Sunday, March 21, 2010

Oracle Database 10g CBO (Cost based optimizer) and cost model

Oracle Database 10g CBO (Cost based optimizer) and cost model

The CBO chooses the best path for your queries, based on what it knows about your data and by leveraging Oracle database features such as bitmap indexes, function-based indexes, hash joins, index-organized tables, and partitioning, whereas the RBO just follows established rules (heuristics). With the release of Oracle Database 10g, the RBO's obsolescence is official and the CBO has been significantly improved yet again.

The CBO now has a special tuning mode that is used by many other Oracle Database 10g features, including the SQL Tuning Advisor and SQL Access Advisor.

When a SQL Query submitted

SQL queries submitted to the Oracle database engine first run through the parser, which checks syntax and analyzes semantics. The result of this run-through is a set of query blocks that is sent to the optimizer, which comprises three main functional subsystems—specifically, the query transformation engine, the estimator, and the plan generator.
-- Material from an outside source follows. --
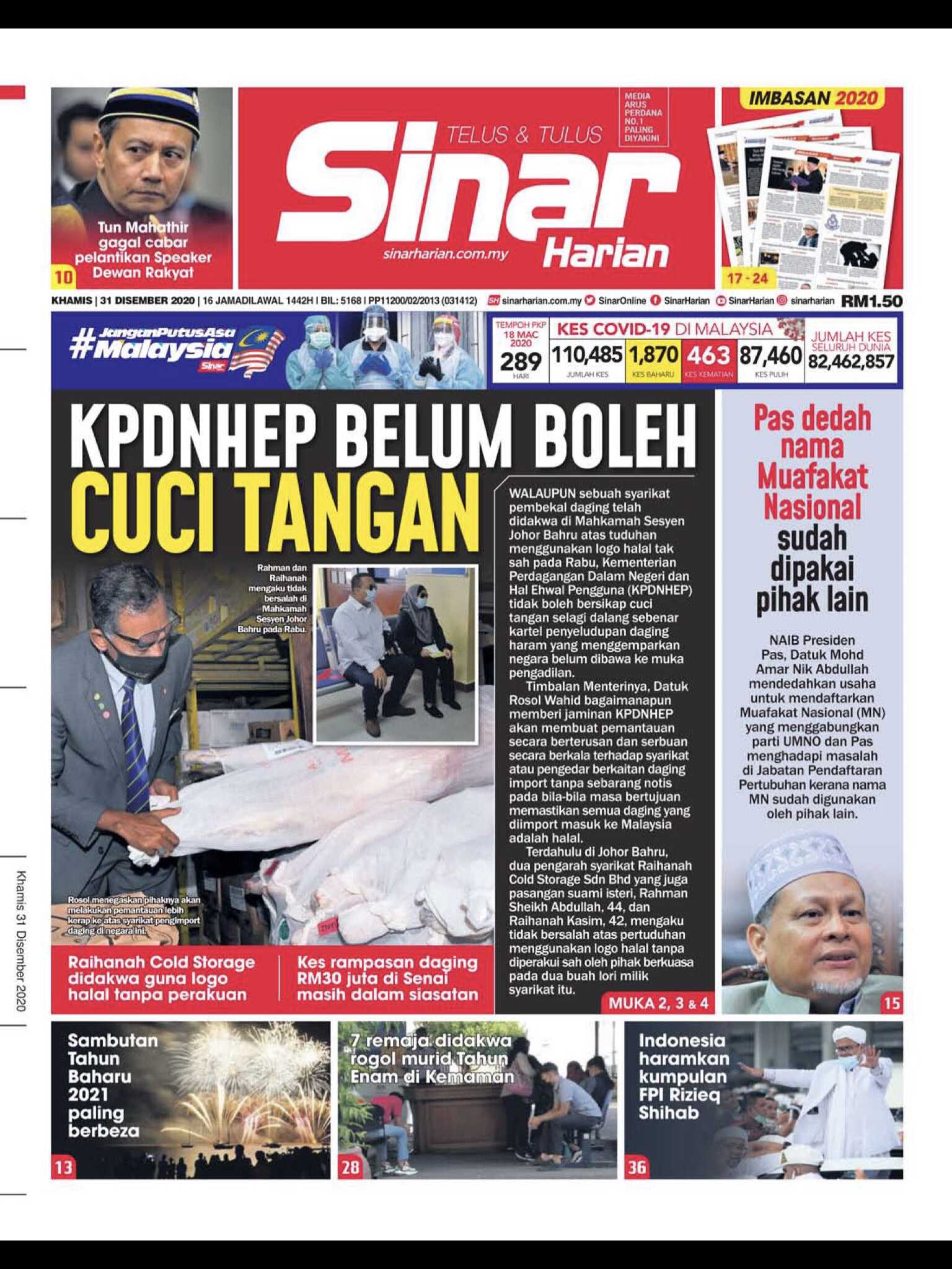 PUTRAJAYA 30 Dis. – Kes jangkitan Covid-19 terus merekodkan empat angka dengan 1,870 kes baharu dilaporkan hari ini di mana Johor buat pertama kalinya melaporkan kes harian tertinggi iaitu 607. Ketua Pengarah Kesihatan Dr Noor Hisham Abdullah berkata ini menjadikan jumlah kes positif mencecah 110, 485 dengan kes aktif meningkat kepada 22,562. “Peningkatan kes di Johor disebabkan oleh kluster berkaitan penjara iaitu Kluster Tembok Choh yang melaporkan sebanyak 374 kes, ini diikuti oleh Selangor sebanyak 472 kes dan Sabah sebanyak 280 kes,” katanya. Beliau juga memaklumkan pandemik itu meragut enam lagi nyawa menjadikan jumlah kumulatif kematian sebanyak 463 kes. Katanya…

1. Query transformation engine

The query transformation engine applies heuristics- or rules-based algorithms to the query blocks. Some common transformations include select-join, group-by, and distinct-view merging and materialized view rewrite.

Common Transformations

Oracle performs numerous query transformations, changing and rewriting queries into equivalent but more optimal forms. Some of these transformations are heuristics- or rules-based transformations, meaning they are based on the structural properties of the query—number of tables, types of join and filters, presence of grouping clauses, for example—and not on selectivity, cardinality, distribution, join order, or related costs of various database operations.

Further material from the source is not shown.